The cryptocurrency DAI is a stablecoin pegged to the U.S. dollar and was launched in late 2017. This is the internal token of the MakerDAO platform, which maintains and stabilizes DAI's value with a dynamic system of collateralized debt positions, autonomous feedback mechanisms and external actors having relevant interest.
According to the project’s website, DAI is the first decentralized stablecoin on the Ethereum blockchain. Using external market mechanisms and economic incentives, MakerDAO platform stabilizes the cost of DAI at $1, while full control of the processes on Ethereum eliminates the need to trust centralized organizations and worry about external audits.
DAI’s emission scheme looks like this: The user sends a certain amount of Ether to the smart contract that issues the DAI tokens in return, which means that the newly created DAI tokens actually represent a collateralized debt to MakerDAO.

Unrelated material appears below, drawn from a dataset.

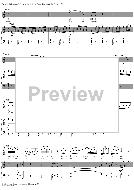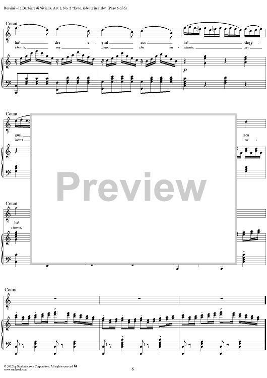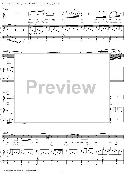 Digital Sheet Music for Cavatina: Ecco ridente in cielo, No. 2 from "Il Barbiere di Siviglia" by Gioachino Rossini, Cesare Sterbini scored for Voice/Piano; id:254348

The main feature of MakerDAO is that the platform uses two tokens — the DAI stablecoin and the utility token Maker (MKR). MKR acts as a kind of “fuel” to pay commissions for using smart contracts. After paying the commission, MKR tokens are burned.
Both tokens DAI and MKR are traded on centralized and decentralized exchanges like Binance and HitBTC. In September 2018, the project attracted $15 million in financing from venture firm Andreessen Horowitz.
Related: Challenges Stablecoins Are Faced With, Explained
Various developers around the world are keeping a close eye on the development of stablecoins as the technology aims to alleviate the shortcomings other, more volatile cryptocurrencies are experiencing. In addition, stablecoins can become an intermediate in the process of replacing the physical money supply with a digital one. According to Rafael Cosman form TrueToken:
“We consider stablecoins to be an integral part of building the financial infrastructure of the future. Our mission is growing economic opportunity for all, and making money easier to access, move, store, and use has always been the first step. It's not so much a cure for crypto's volatility, as it is a tool for financial inclusion.”